L’éducation nationale devrait apprendre aux jeunes à faire la part d’esprit critique sur le web

F.C. : Pour vous, comment s’organise la démocratie en ligne ? Y a-t-il des outils à privilégier plus que d’autres ou faut-il tout mettre en commun ?
E.L. : Simplement, c’est l’écosystème électronique. Je dis toujours que le premier outil de démocratie électronique, c’est l’e-mail. C’est simplement le fait qu’à tout moment de votre journée, voire de votre nuit, vous pouvez envoyer un e-mail au maire en disant “ telle chose, ça va pas” ou “j’ai eu telle idée”. Avant, il fallait que vous preniez votre feuille de papier, que vous écriviez votre lettre, que vous la timbriez, que vous la postiez, etc. Il y avait tout un process, alors qu’aujourd’hui, c’est plus spontané. Donc c’est ça le premier outil de démocratie électronique. Après, le deuxième outil de démocratie électronique, c’est l’accès à toute l’information publique qui est aujourd’hui disponible et qui était inimaginable il y a quinze ans. Aujourd’hui, quand vous vous posez des questions, vous arrivez à trouver des textes de référence. Même nous dans notre travail, on trouve facilement des textes de référence juridiques, alors qu’avant, c’était la croix et la bannière pour trouver. L’accès à cette connaissance-là, à cette information-là, va démultiplier la capacité de raisonnement des publics. C’est logique, même s’il faudra toujours les accompagner parce qu’il faut aussi faire le tri. Je pense qu’il faut pousser la réflexion que l’on a sur ces sujets. Par exemple, étant dans l’éducation, je me dis toujours que l’éducation nationale a un rôle fondamental qu’elle ne fait pas aujourd’hui : elle devrait apprendre aux jeunes à faire la part d’esprit critique sur le web, à faire le tri des informations à vérifier, des informations erronées, etc. Et ça, c’est très important.
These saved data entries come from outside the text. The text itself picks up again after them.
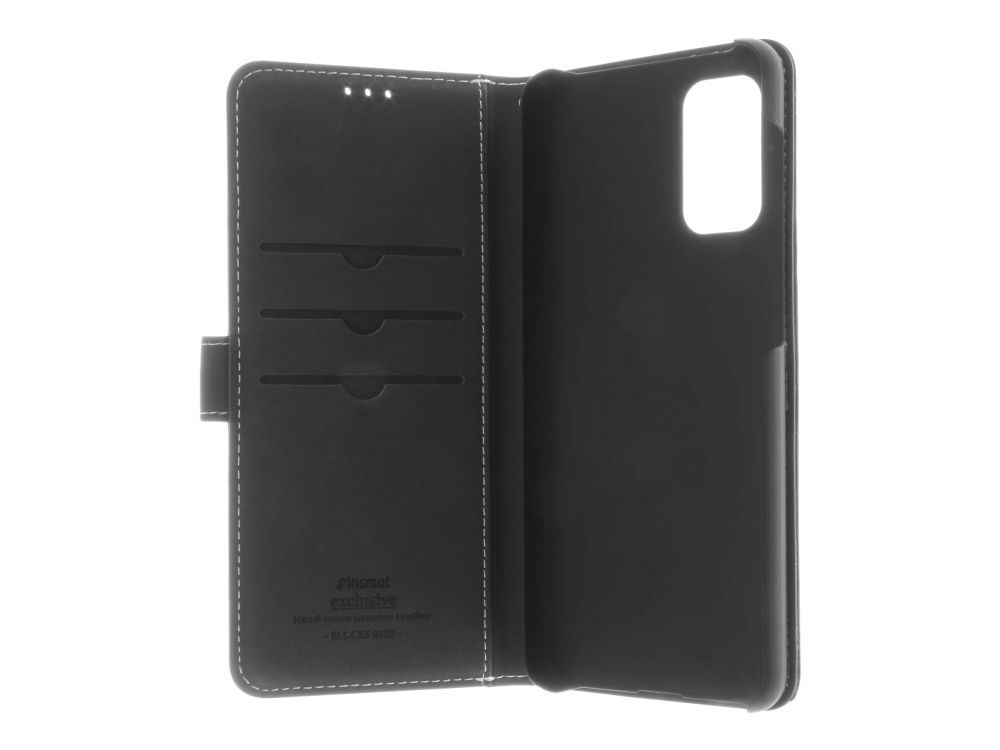 Insmat Flip Case - Vikbart fodral för mobiltelefon - genuint läder, termoplastisk polyuretan (TPU) - svart - för Samsung Galaxy A52
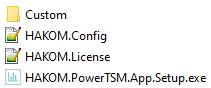 Before installation check if the files HAKOM.Config and HAKOM.License are stored in the setup folder \Setup. After the installation has been completed these files will be pasted in the installation folder.
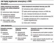 Przyszli emeryci zdecydują, czy za pieniądze z OFE kupić emeryturę indywidualną, małżeńską czy z gwarantowanym okres wypłat (na pięć lat). Pierwsza będzie najwyższa, bo ZUE będzie kalkulować najmniej ryzyk. Będzie dożywotnim świadczeniem, wyliczonym na podstawie zgromadzonego kapitału i statystycznej długości dalszego trwania życia emeryta. Emerytura małżeńska ma być wypłacana do momentu śmierci obojga małżonków, z tym że po śmierci ubezpieczonego zostanie zmniejszona. Wyniesie wtedy 60 proc. dotychczasowego świadczenia. Natomiast emerytura gwarantowana ma być dożywotnim świadczeniem, ale jeśli ubezpieczony umrze przed upływem pięciu lat od momentu przejścia na emeryturę, do końca tego okresu świadczenie otrzymywać będą wskazane prze niego osoby.
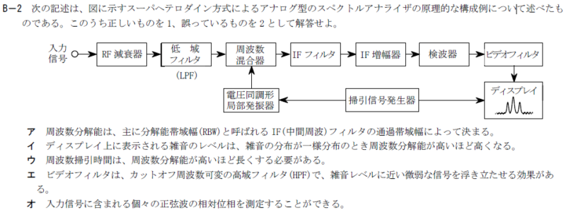 イ 2 ディスプレイ上に表示される雑音のレベルは、雑音の分布が一様分布のとき周波数分解能が高いほど高くなる。 低くなる。
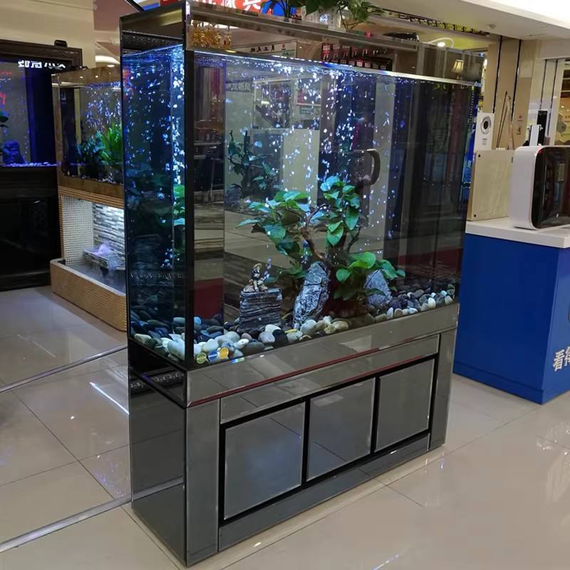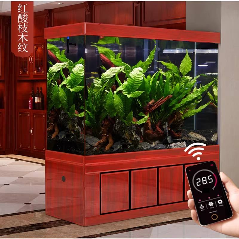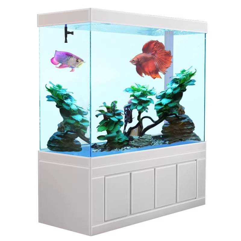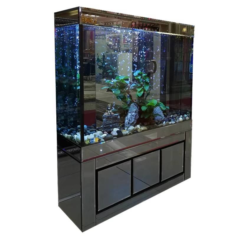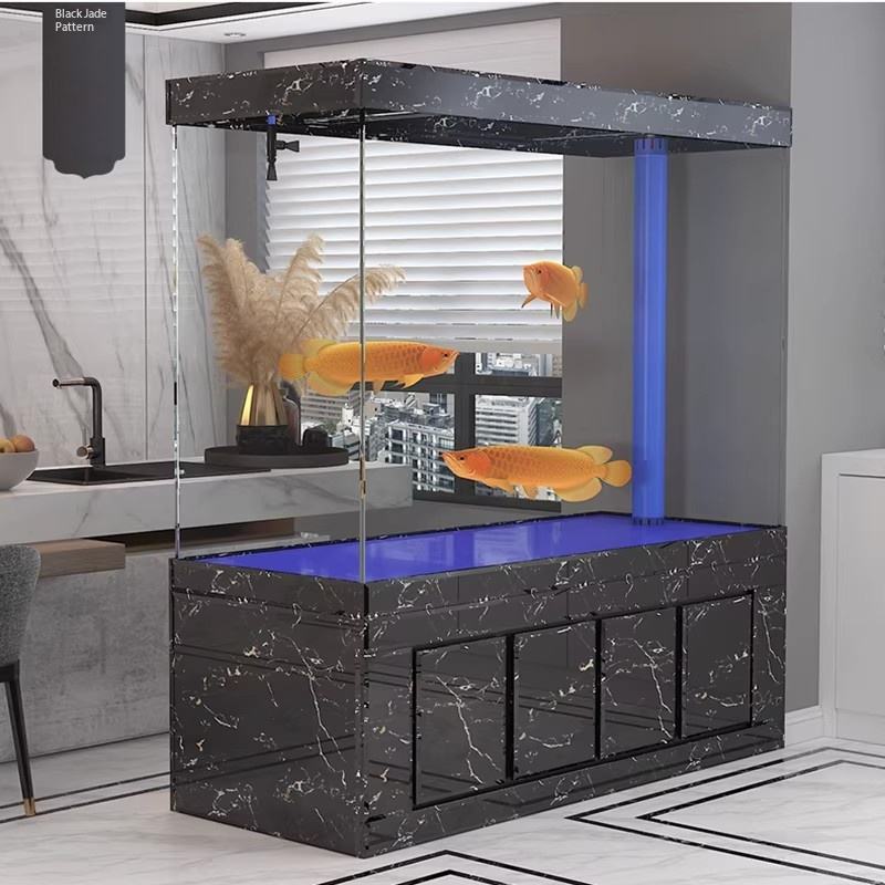 ตู้ปลาทรงสี่เหลี่ยมผืนผ้าสำหรับห้องนั่งเล่น ตู้ปลาขนาดใหญ่พร้อมผนังกั้น ระบบกรองน้ำแบบติดตั้งบนพื้น เป็นมิตรกับสิ่งแวดล้อม กระจกใสพิเศษสำหรับเลี้ยงปลาทอง

En parlant de Twitter, j’ai un site que je ne citerai pas parce que je ne veux pas les mettre en difficulté, mais qui publie des informations qui sont parfois à la limite de la déontologie. Je me rappelle notamment très bien lors des élections européennes, le soir des résultats, avoir vu publier une information avec “telle information, on vérifie”. C’est-à-dire qu’ils ont balancé l’information avant même vérification, en disant “on va la vérifier”. Simplement, je ne me souviens pas du tout avoir, par la suite, vu “on a vérifié l’information”. Qu’elle soit bonne ou fausse, l’information est passée. Donc, il faut que l’on développe un esprit critique et que l’on raisonne en se disant “attention, il faut filtrer”. Il faut que l’on soit maintenant en capacité de filtrer l’information, ce qui était avant le rôle des journalistes. Sinon, on va à la catastrophe.